I like your distinction that bipolar in of itself is not a disability, but that it can cause a disability. I was diagnosed with bipolar disorder. However, I did not become disabled until much later when it lead me to give in to my dark thoughts. I ended up hospitalized for four weeks and then was placed on long term disability from my job. I got lucky and was granted a one year leave of absence with the opportunity to return to work at the end of that year. Th only stipulation was that I had to be able to meet the minimum job requirements and be medically cleared to return to work without restrictions.
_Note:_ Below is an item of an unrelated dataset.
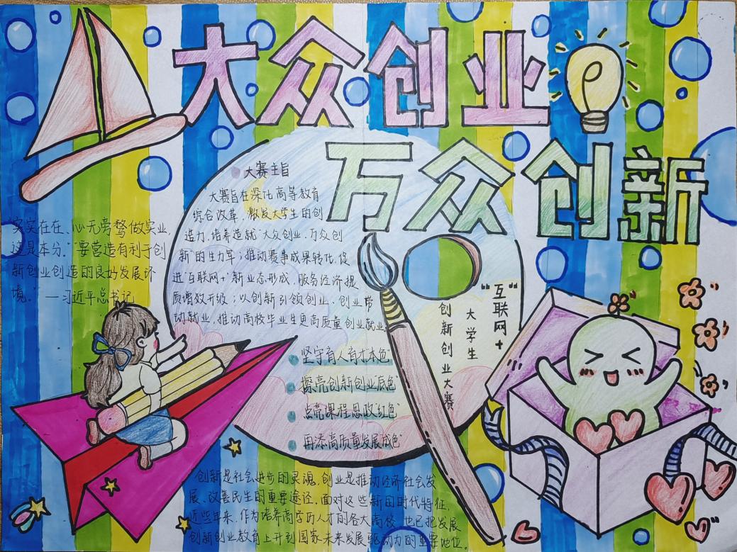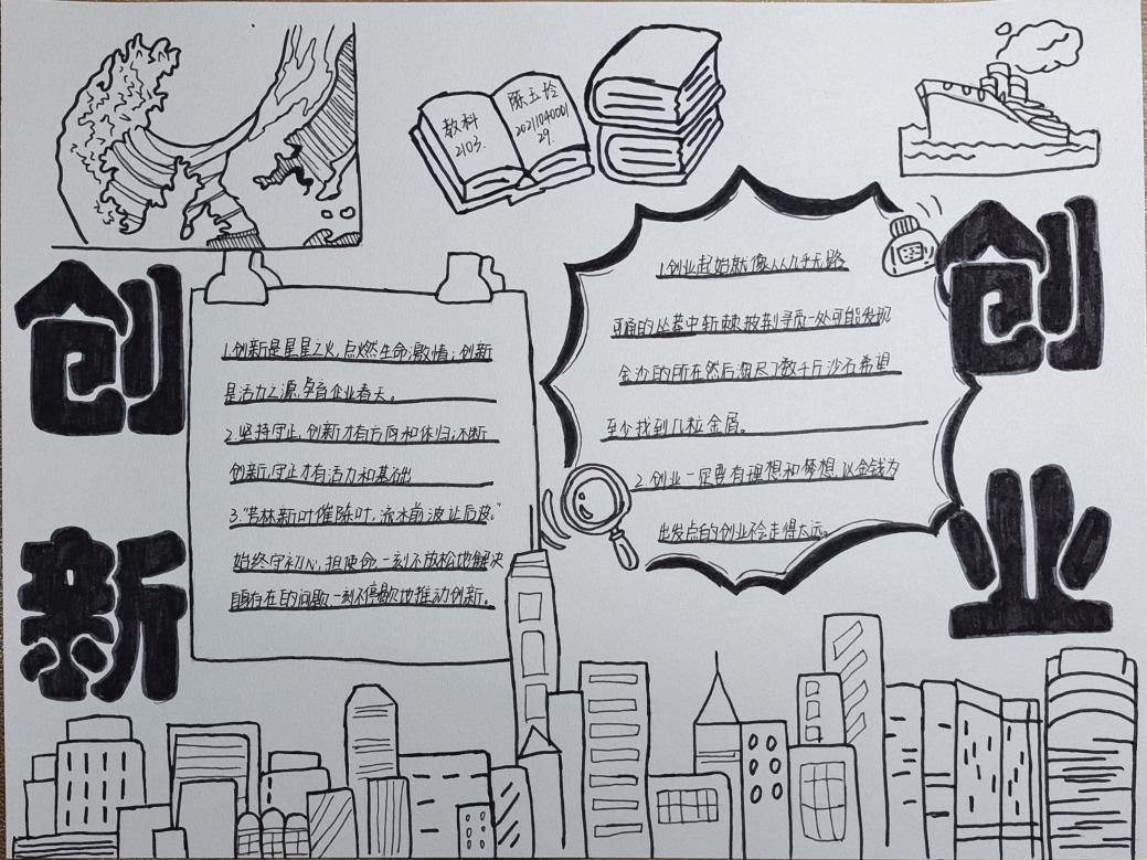 首先,参赛选手们用绘画工具绘出风格各异的手抄报作品,创新创业部统一收集各班同学的稿件并进行第一轮筛选。随后,通过线上投票和评委筛选的方式评选出本次活动获奖人员,其中2102班潘蕾锾同学、2103班熊姿同学的作品风格明快、中心明确,整体美观大方,文字优美充实,荣获一等奖。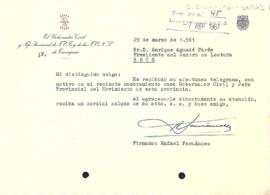 Rafael Fernández agraeix a Enric Aguadé el telegrama rebut pel seu nou nomenament com a governador civil de la província de Tarragona.

For now I feel that I am burden to my family, friends and society because I cannot work. I thought about volunteering. But, I was informed by my disability insurance company that if I can volunteer for 10 hours a week then I should be able to work 10 hours a week. Therefore, they told me if I start volunteering that my disability payments would be reduced by the amount of money I could have earned if I had worked a paying job for those hours. So for now I am forced to doing housework and yard work.
ICIDH-2 describes disability in terms of impairment (medical), Activity limitations (used to be called "Disability") and Participation (social role, used to be called "Handicap".
Bipolar disorder may cause disability, but it is not necessarily a disability, if you have it managed in such a way as you can do any activity you like.
Mostly in this article you are addressing participation aspects of the illness, an extremely important consideration.
More info on World Health Organisation website.
Loved the article, as usual.
Thank you for such an important piece. I am so unreliable that going outside the home isn't practical. But I follow sick children on FB and pray for them. It seems they appreciate having followers. Their courage nd that of their families is amazing. Nd I feel like I am contributing.